Finished my master's in composition last year at Victoria university, Wellington studying under John Psathas. Make my bread from teaching guitar and tutoring composition at Victoria university but have done seven short films and about to start on a full length documentary on New Zealand sign language! which is a bit of a paradox but pretty interesting as I might represent what a deaf person would hear in the sound design.

cheers


----------



## Frederick Russ (Feb 18, 2006)

Welcome to VI Matt! New Zealand ay? Nice country - seems a lot of friends want to visit. Cool about the documentary. Share some snippets when you can.


----------



## Chrislight (Feb 18, 2006)

Hello Matt - welcome to VI! :D We are getting to have quite an international community here, although I don't know if there are any other New Zealanders here. Agreed - great country! Enjoy your time here.


----------



## Styrus (Feb 20, 2006)

Hey Matt.
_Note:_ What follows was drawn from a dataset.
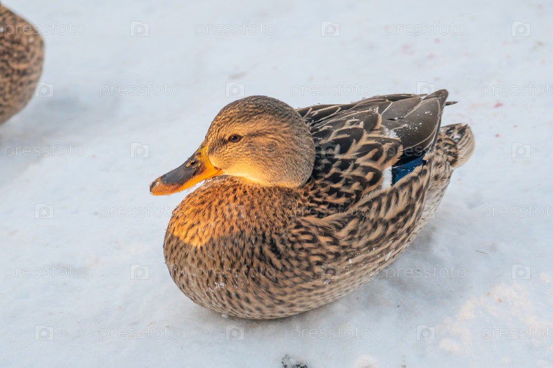 Утки-кряквы на снегу. Портрет дикой утки в зимний сезон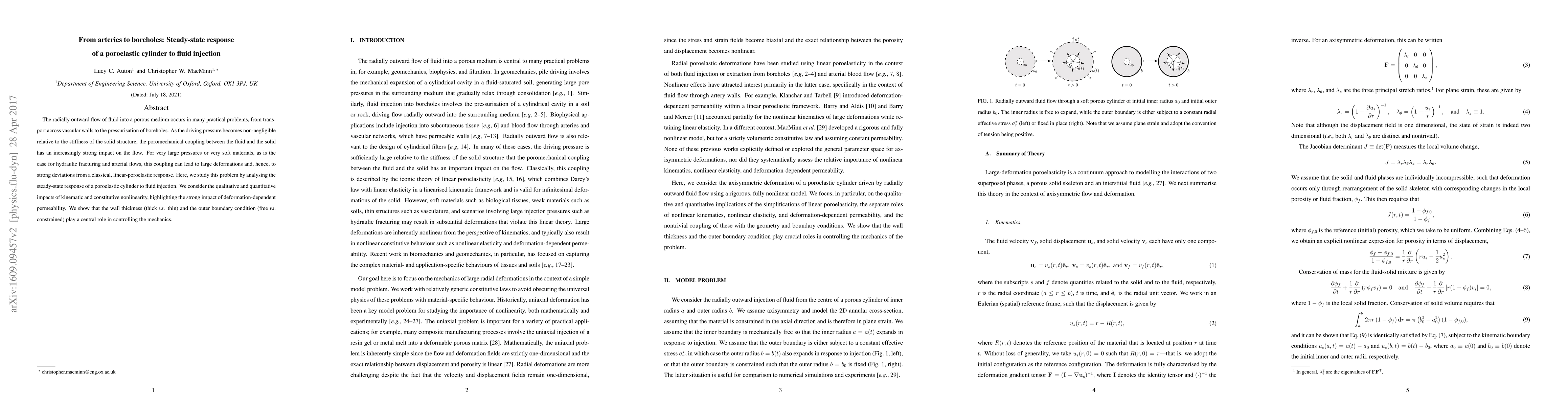 The radially outward flow of fluid into a porous medium occurs in many practical problems, from transport across vascular walls to the pressurisation of boreholes. As the driving pressure becomes non-negligible relative to the stiffness of the solid structure, the poromechanical coupling between the fluid and the solid has an increasingly strong impact on the flow. For very large pressures or very soft materials, as is the case for hydraulic fracturing and arterial flows, this coupling can lead to large deformations and, hence, to strong deviations from a classical, linear-poroelastic response. Here, we study this problem by analysing the steady-state response of a poroelastic cylinder to fluid injection. We consider the qualitative and quantitative impacts of kinematic and constitutive nonlinearity, highlighting the strong impact of deformation-dependent permeability. We show that the wall thickness (thick vs. thin) and the outer boundary condition (free vs. constrained) play a central role in controlling the mechanics.

Yep, I'm also from New Zealand. Though you are about 12 hours drive from me here in Whangarei!

Anyway, welcome to V.I.


----------



## Sid_Barnhoorn (Feb 20, 2006)

Hi Matt,

Welcome to V.I.!

Cheers,


----------



## TheoKrueger (Feb 20, 2006)

Hi Matt! WElcome aboard man. I'm in Melbourne now


----------



## mattmann (Feb 20, 2006)

Styrus @ Mon Feb 20 said:


> Hey Matt. Yep, I'm also from New Zealand. Though you are about 12 hours drive from me here in Whangarei!
> 
> Anyway, welcome to V.I.



Hi Stephen its great to see someone else from nz on these digital music forums as I've never come across anyone from the other forums I'm on!


----------